MATERIAL PROVIDED:
◇ ◇ ◇ ◇ ◇ ◇ ◇

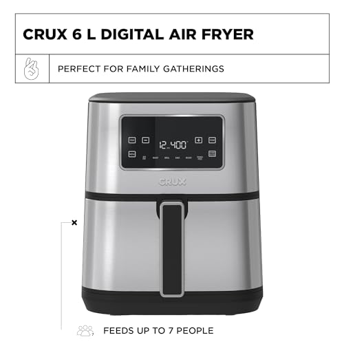 CRUX 6 L Digital Air Fryer with Nonstick Removable Dishwasher Safe Pan and Crisping Tray, 6 Preset Cooking Options, Adjustable Temperature Control, Stainless Steel
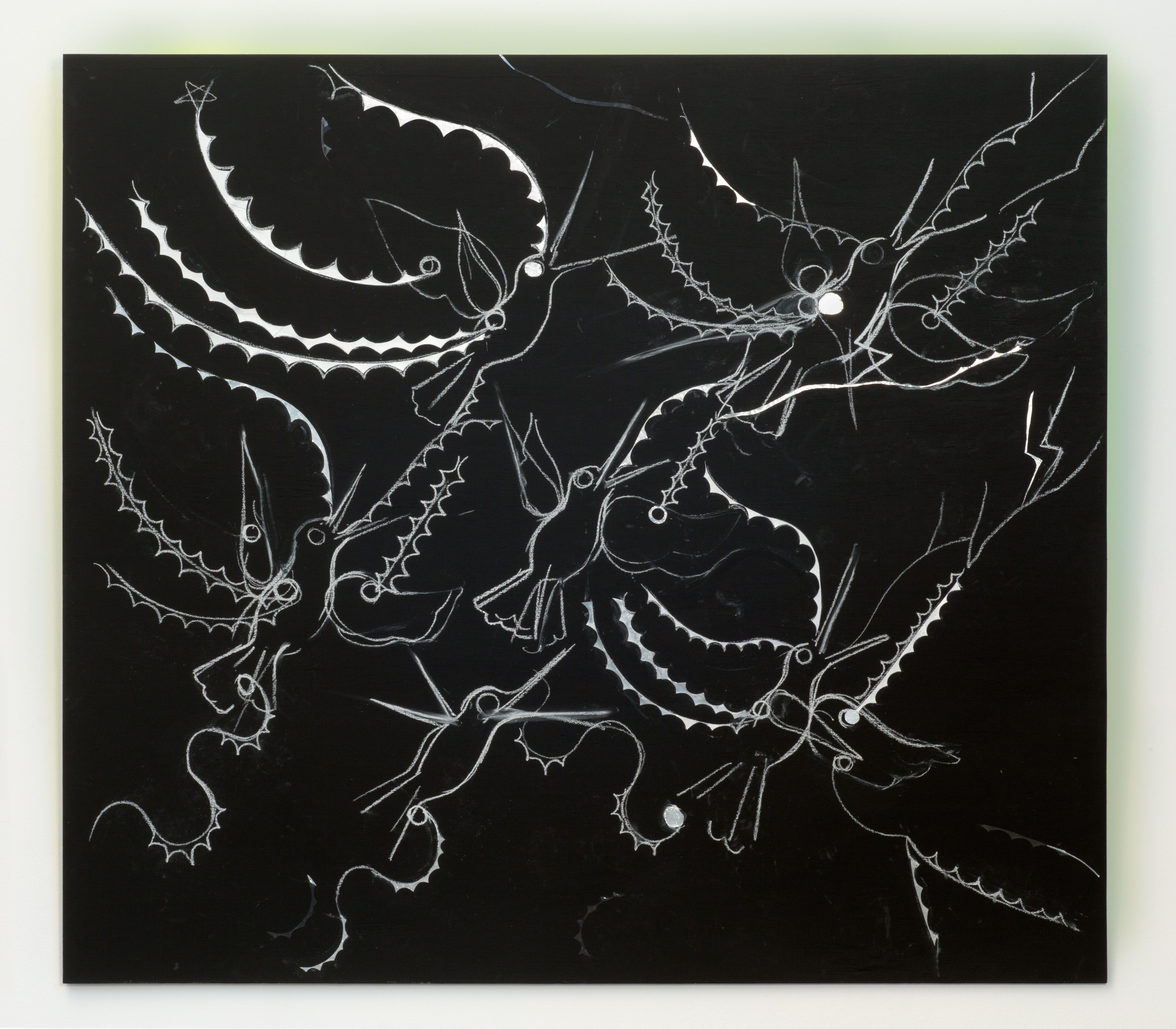 six birds through lightning, 2016, Chalk, acetate, tape on blackboard, 114 x 127 x 7 cm; courtesy of Artist (SHKIM16DW007)
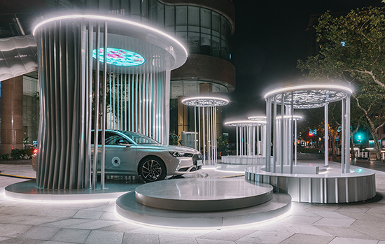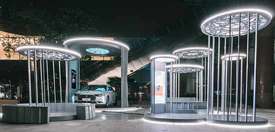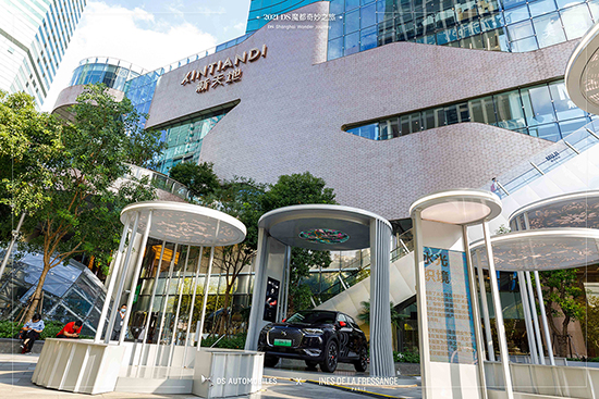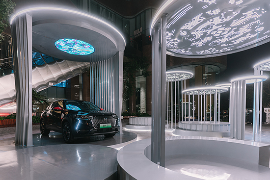 國慶長假期間,旗艦車型 DS 9和新上市DS 3 x Ines de la Fressange Paris新限量款也輪流在“行紋”室外單元部分“水光織鏡”藝術(shù)裝置作品內(nèi)展示,兩件藝術(shù)單品同時呈現(xiàn),美美與共,互相映襯,成為新天地一道亮麗風景線。DS汽車以其精湛工藝、臻選材質(zhì)、匠心設(shè)計,完美詮釋高定美學(xué),與非遺工坊的天才媽媽們一起,為觀眾展示中國非遺手工藝與巴黎高定藝術(shù)對現(xiàn)代高定美學(xué)的傳承與蝶變過程。
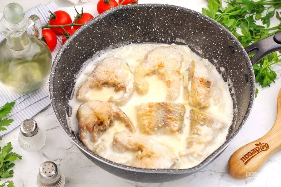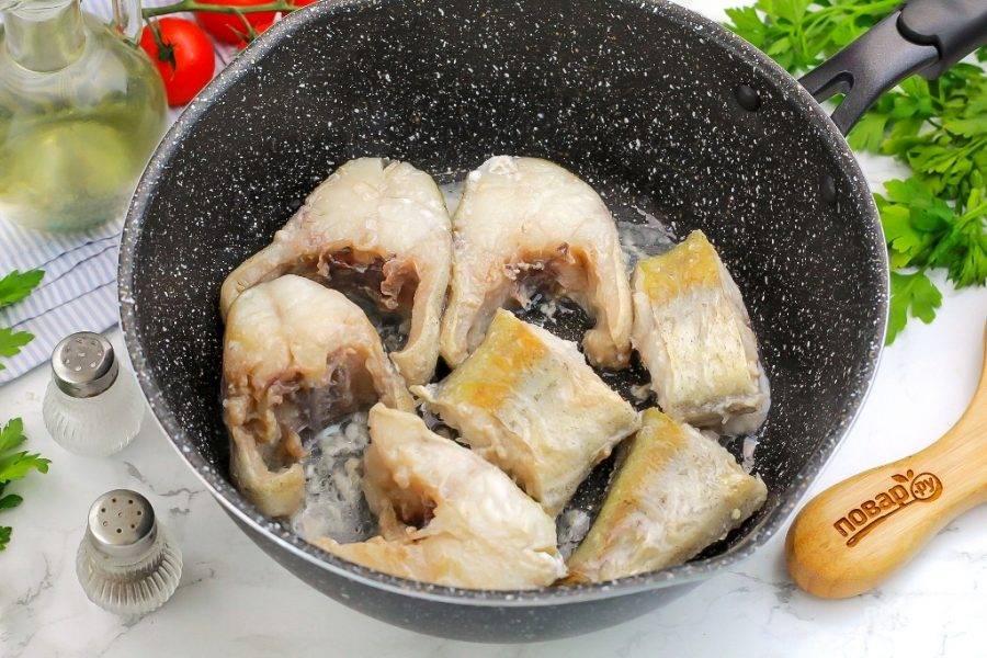 Обжарьте ломтики рыбы по 4-5 минут с каждой стороны до румяной корочки. Можно обжарить со всех сторон — как вам будет угодно.

◇ ◇ ◇ ◇ ◇ ◇ ◇

HOW TO COMPLETE THIS TASK:
The material is to be reproduced verbatim, and no picture may appear in the copy.

YOUR SOLUTION:
 CRUX 6 L Digital Air Fryer with Nonstick Removable Dishwasher Safe Pan and Crisping Tray, 6 Preset Cooking Options, Adjustable Temperature Control, Stainless Steel
 six birds through lightning, 2016, Chalk, acetate, tape on blackboard, 114 x 127 x 7 cm; courtesy of Artist (SHKIM16DW007)
 國慶長假期間,旗艦車型 DS 9和新上市DS 3 x Ines de la Fressange Paris新限量款也輪流在“行紋”室外單元部分“水光織鏡”藝術(shù)裝置作品內(nèi)展示,兩件藝術(shù)單品同時呈現(xiàn),美美與共,互相映襯,成為新天地一道亮麗風景線。DS汽車以其精湛工藝、臻選材質(zhì)、匠心設(shè)計,完美詮釋高定美學(xué),與非遺工坊的天才媽媽們一起,為觀眾展示中國非遺手工藝與巴黎高定藝術(shù)對現(xiàn)代高定美學(xué)的傳承與蝶變過程。
 Обжарьте ломтики рыбы по 4-5 минут с каждой стороны до румяной корочки. Можно обжарить со всех сторон — как вам будет угодно.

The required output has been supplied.